- Provided material -
######

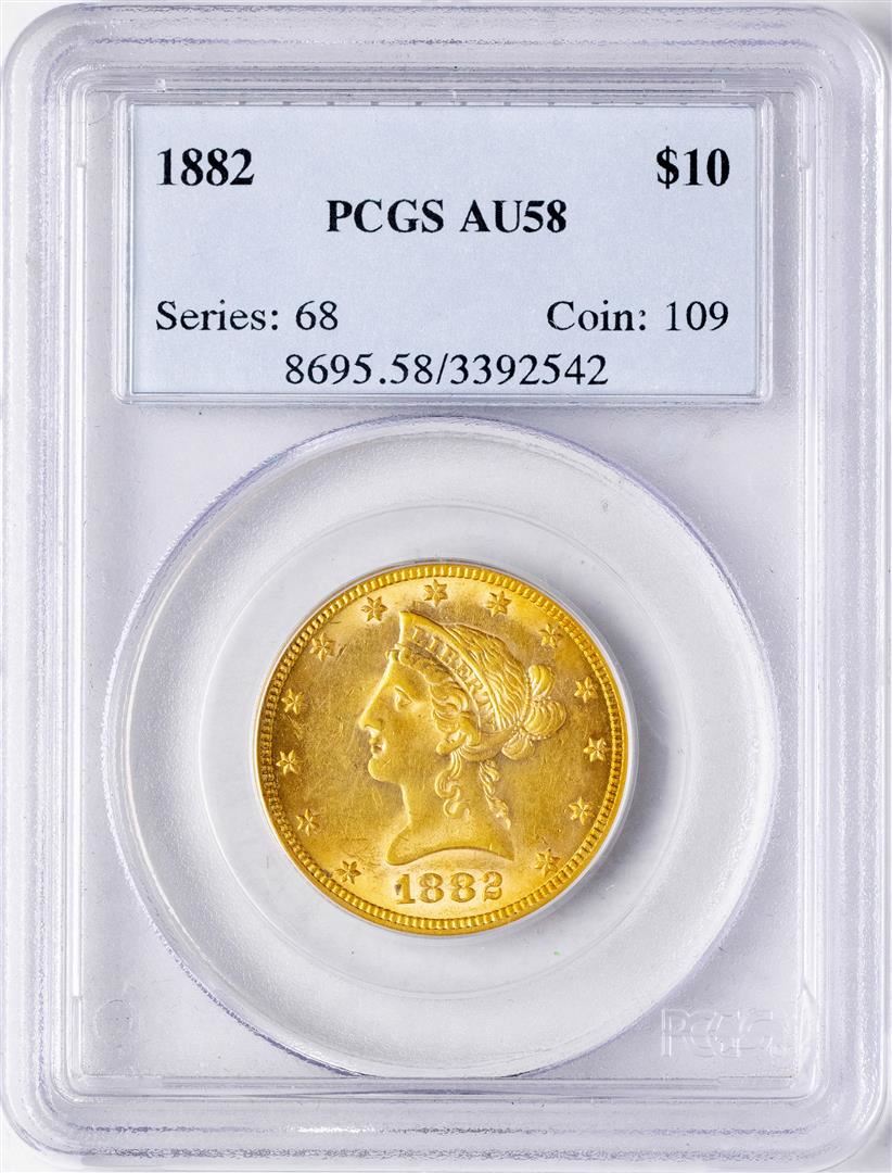 One 1882 $10 Liberty Head Eagle Gold Coin PCGS AU58. PCGS Graded.
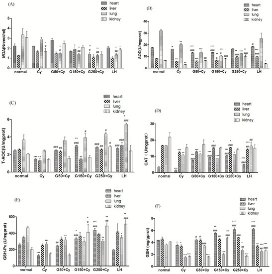 Effect of GPMPP on the (A) MDA level, and the activities of (B) SOD; (C) T-AOC; (D) CAT; (E) GSH-Px and (F) GSH in the heart, liver, lung and kidney of Cy-immunosuppressed mice. * p < 0.05, ** p < 0.01, *** p < 0.001, compared with normal control. # p < 0.05,## p < 0.01,### p < 0.001, compared with model control. Values are means ± SD, n = 10.
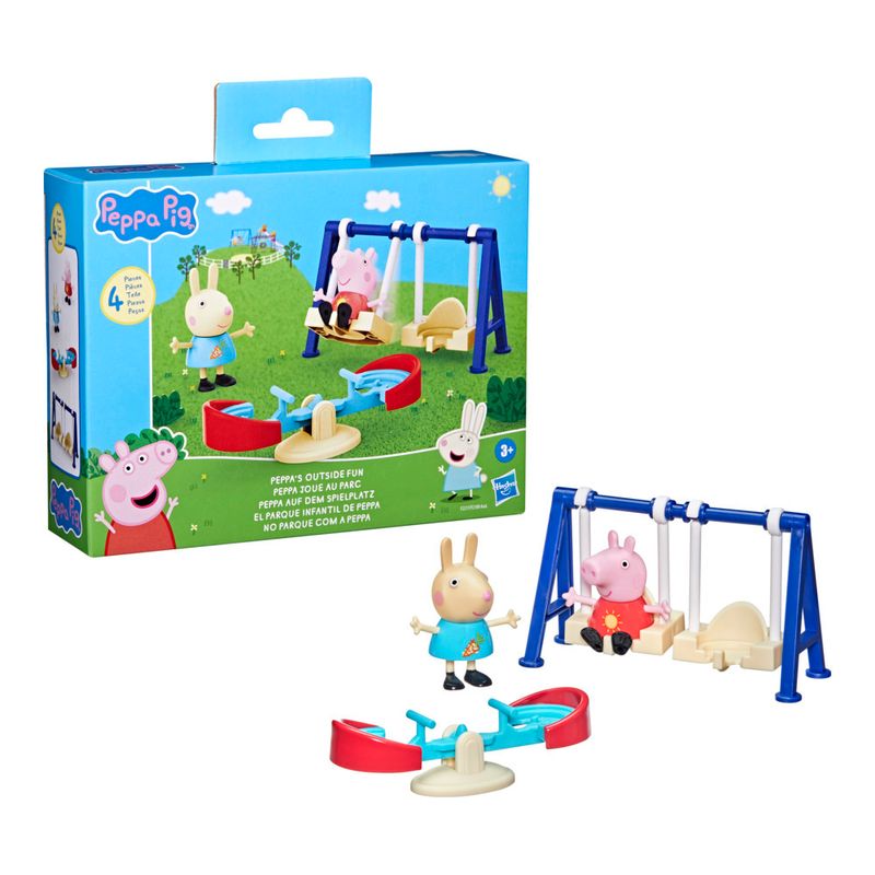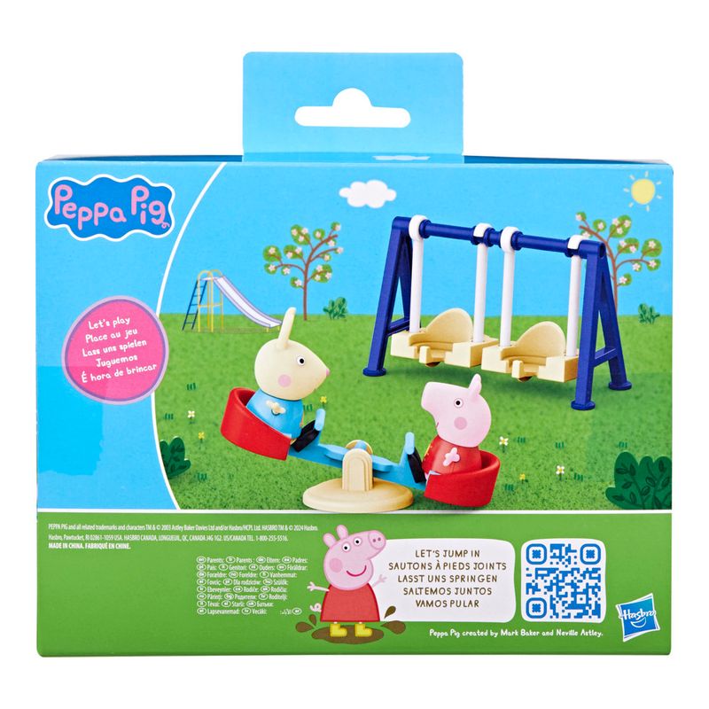 O brinquedo No Parque com a Peppa inclui figuras da Peppa Pig e sua amiga Rebecca Coelho, além de acessórios de balanço e gangorra

######

- Your goal -
Copy every line above exactly, leaving no picture in the copy.

- Exercise solution -
 One 1882 $10 Liberty Head Eagle Gold Coin PCGS AU58. PCGS Graded.
 Effect of GPMPP on the (A) MDA level, and the activities of (B) SOD; (C) T-AOC; (D) CAT; (E) GSH-Px and (F) GSH in the heart, liver, lung and kidney of Cy-immunosuppressed mice. * p < 0.05, ** p < 0.01, *** p < 0.001, compared with normal control. # p < 0.05,## p < 0.01,### p < 0.001, compared with model control. Values are means ± SD, n = 10.
 O brinquedo No Parque com a Peppa inclui figuras da Peppa Pig e sua amiga Rebecca Coelho, além de acessórios de balanço e gangorra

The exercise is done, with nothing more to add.